Dari tujuh atlet veteran, ACT turut menyambangi Ellyas Pical, Sang legendaris tinju yang pernah membawa nama Indonesia ke kancah dunia. Ia terkenal dengan julukan ‘The Exocet’, atas kecepatan dan kekuatan pukulannya yang seperti rudal asal Prancis. Dalam usia yang tidak lagi muda, Ellyas masih dapat mengingat baik cerita-cerita dibalik piagam yang berjejer di lemarinya dan bagaimana awal berkarir. Ia menceritakan kisah-kisahnya semasa masih berlaga di arena tinju.
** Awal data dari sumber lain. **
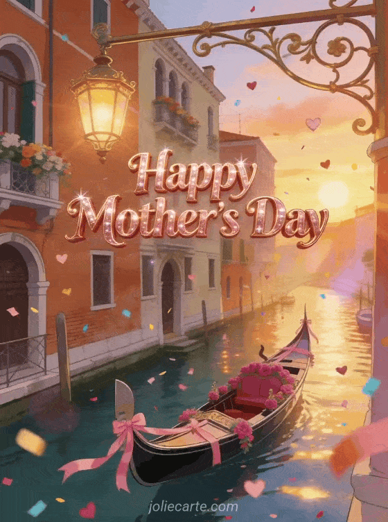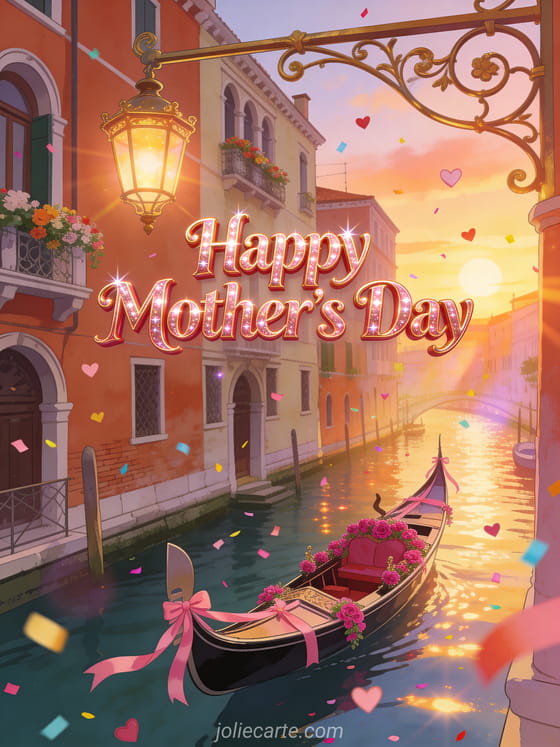 Send a bright and festive Mother's Day card inspired by a romantic Venetian sunset. You can also discover happy mother's day to my deceased mom, heart image mother's day, and mother's day message.

Ellyas menjelaskan bagaimana ia mengalahkan petinju asal Korea Selatan, Chun Du Jo. Pertandingan itu merupakan kejuaraan dunia tinju kelas bantam junior versi IBF, 3 Mei 1983 lalu. “Ketika dia memukul saya, saya menghindar lalu mundur sedikit. Kemudian saya kasih dia hook tepat di rahang kanannya. Setelah itu langsung KO dia,” ujar Ellyas sembari mempergakan gerakannya itu kepada tim Mobile Social Rescue (MSR) – Aksi Cepat Tanggap (ACT).

Pikiran menjadi petinju terbesit di benak Ellyas Pical pada saat ia baru berumur 14 tahun. Selain karena hobi, pada masa itu ia melihat Muhammad Ali bertanding di layar kaca. Terinspirasi dengan Ali, ia kemudian bercita-cita untuk menjadi juara dunia dalam cabang olahraga tinju. Meskipun awalnya, keputusan tersebut sempat tidak disetujui orangtuanya. “Mama saya tidak mau, lalu ada adiknya mama saya (paman) yang bilang ‘Jangan ditolak-tolak. Kalau anak (kamu) mau kenapa harus ditolak? Dia ingin menjadi atlet, ya biarkan saja dia berjalan. Mudah-mudahan dia bisa menjadi orang yang baik, lalu terkenal. Eh, betul terjadi,” kenang Ellyas.